[Task to complete]: Below are several records. Retype exactly those lines running from the one with "Women Sexy Strapless" through the one with "This paper proposes", end lines included, and no others.

[Input]:
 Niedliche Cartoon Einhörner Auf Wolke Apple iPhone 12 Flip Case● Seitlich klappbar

...

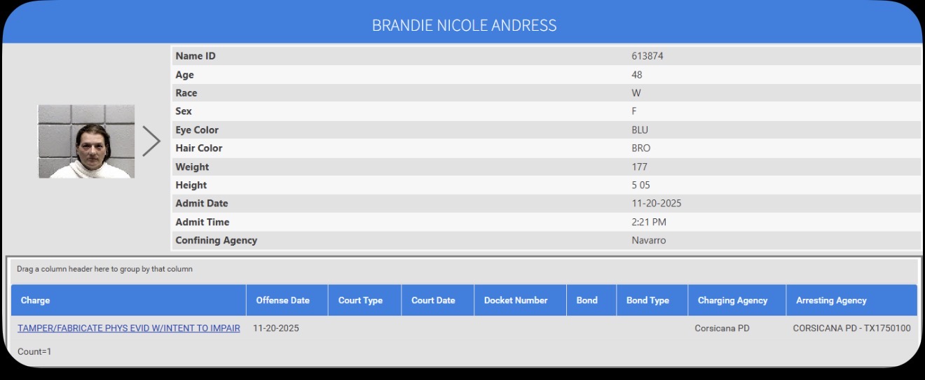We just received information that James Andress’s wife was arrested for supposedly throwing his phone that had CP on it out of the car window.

==

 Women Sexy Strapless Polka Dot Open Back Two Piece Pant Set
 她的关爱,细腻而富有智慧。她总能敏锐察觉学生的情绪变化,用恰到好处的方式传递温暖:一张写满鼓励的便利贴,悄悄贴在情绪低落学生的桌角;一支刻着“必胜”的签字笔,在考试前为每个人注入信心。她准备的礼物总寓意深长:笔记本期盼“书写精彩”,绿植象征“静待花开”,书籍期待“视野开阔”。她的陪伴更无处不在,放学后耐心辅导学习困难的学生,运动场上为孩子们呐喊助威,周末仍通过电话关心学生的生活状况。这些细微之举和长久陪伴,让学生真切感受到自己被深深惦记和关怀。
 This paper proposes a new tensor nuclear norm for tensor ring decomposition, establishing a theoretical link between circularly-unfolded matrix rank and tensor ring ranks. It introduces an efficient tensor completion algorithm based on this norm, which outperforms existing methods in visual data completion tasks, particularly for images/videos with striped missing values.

[Answer]:
 Women Sexy Strapless Polka Dot Open Back Two Piece Pant Set
 她的关爱,细腻而富有智慧。她总能敏锐察觉学生的情绪变化,用恰到好处的方式传递温暖:一张写满鼓励的便利贴,悄悄贴在情绪低落学生的桌角;一支刻着“必胜”的签字笔,在考试前为每个人注入信心。她准备的礼物总寓意深长:笔记本期盼“书写精彩”,绿植象征“静待花开”,书籍期待“视野开阔”。她的陪伴更无处不在,放学后耐心辅导学习困难的学生,运动场上为孩子们呐喊助威,周末仍通过电话关心学生的生活状况。这些细微之举和长久陪伴,让学生真切感受到自己被深深惦记和关怀。
 This paper proposes a new tensor nuclear norm for tensor ring decomposition, establishing a theoretical link between circularly-unfolded matrix rank and tensor ring ranks. It introduces an efficient tensor completion algorithm based on this norm, which outperforms existing methods in visual data completion tasks, particularly for images/videos with striped missing values.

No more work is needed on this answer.